Can you elaborate on what, exactly, you mean by this, and how you’re determining if you’ve reached “the limits” or not?

It isn’t unusual to encounter error 429 on occasion, and you should implement an incremental backoff for such cases. If you’re routinely hitting this every request, there may be other issues we shoudl look into.

Thank you, I mean I haven’t used this api key for more than 24 hours, and when I tried again I waited for more than 1 minute

Yeah, the request itself and its past responses, so that he remembers how to respond, with experimental models I used up to 1.5 million tokens and everything works

Here is an example, I send a request via Curl to the gemini-1.5-pro-002 model, and almost immediately I get the error 429 RESOURCE_EXHAUSTED

Url: https://generativelanguage.googleapis.com/v1beta/models/gemini-1.5-pro-002:generateContent?key=ThereWasApi
Status: 429

vary: X-Origin
vary: Referer
vary: Origin,Accept-Encoding
content-type: application/json; charset=UTF-8
date: Mon, 30 Sep 2024 15:28:04 GMT
server: scaffolding on HTTPServer2
cache-control: private
x-xss-protection: 0
x-frame-options: SAMEORIGIN
x-content-type-options: nosniff
server-timing: gfet4t7; dur=981
alt-svc: h3=":443"; ma=2592000,h3-29=":443"; ma=2592000
accept-ranges: none

{
  "error": {
    "code": 429,
    "message": "Resource has been exhausted (e.g. check quota).",
    "status": "RESOURCE_EXHAUSTED"
  }
}

Then, after a couple of seconds, I send exactly the same request, but for the gemini-1.5-pro-exp-0827 model, and after a while I get the answer I need.

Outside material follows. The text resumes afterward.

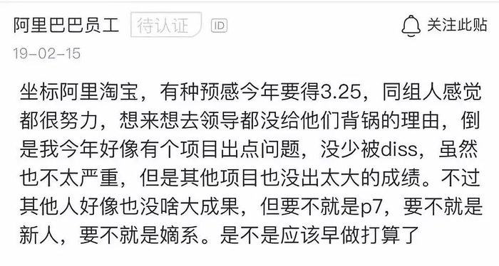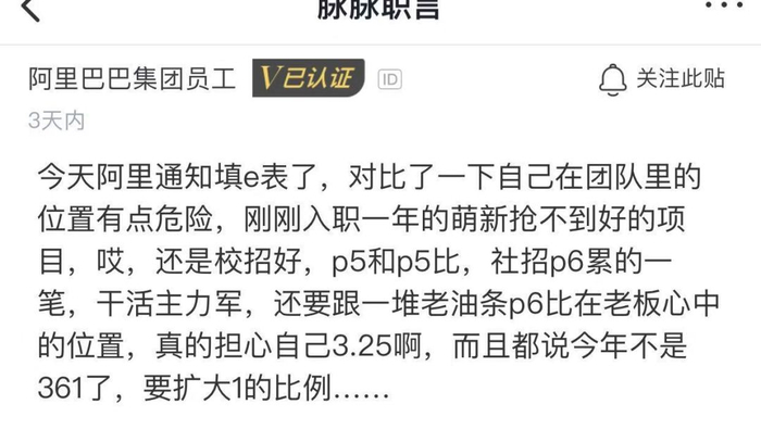 阿里文化,“今天最好的表现,是明天的最低要求”。阿里一向实行361考核制度,每年考核都有固定10%的人被打低绩效(3.25),一旦背上3.25,离被淘汰也就不远了。

Url: https://generativelanguage.googleapis.com/v1beta/models/gemini-1.5-pro-exp-0827:generateContent?key=ThereWasApi
Status: 200

content-type: application/json; charset=UTF-8
vary: X-Origin
vary: Referer
vary: Origin,Accept-Encoding
date: Mon, 30 Sep 2024 15:29:46 GMT
server: scaffolding on HTTPServer2
cache-control: private
x-xss-protection: 0
x-frame-options: SAMEORIGIN
x-content-type-options: nosniff
server-timing: gfet4t7; dur=62146
alt-svc: h3=":443"; ma=2592000,h3-29=":443"; ma=2592000
accept-ranges: none

{
  "candidates": [
    {
      "content": {
        "parts": [
          {
            "text": "Response"
          }
        ],
        "role": "model"
      },
      "finishReason": "STOP",
      "index": 0,
      "safetyRatings": [
        {
          "category": "HARM_CATEGORY_SEXUALLY_EXPLICIT",
          "probability": "NEGLIGIBLE"
        },
        {
          "category": "HARM_CATEGORY_HATE_SPEECH",
          "probability": "NEGLIGIBLE"
        },
        {
          "category": "HARM_CATEGORY_HARASSMENT",
          "probability": "NEGLIGIBLE"
        },
        {
          "category": "HARM_CATEGORY_DANGEROUS_CONTENT",
          "probability": "NEGLIGIBLE"
        }
      ]
    }
  ],
  "usageMetadata": {
    "promptTokenCount": 37669,
    "candidatesTokenCount": 1767,
    "totalTokenCount": 39436
  }
}

Here are two of these queries

Can you take a look at the Quotas & System Limits page for your project and see if it reports what your quota usage has been?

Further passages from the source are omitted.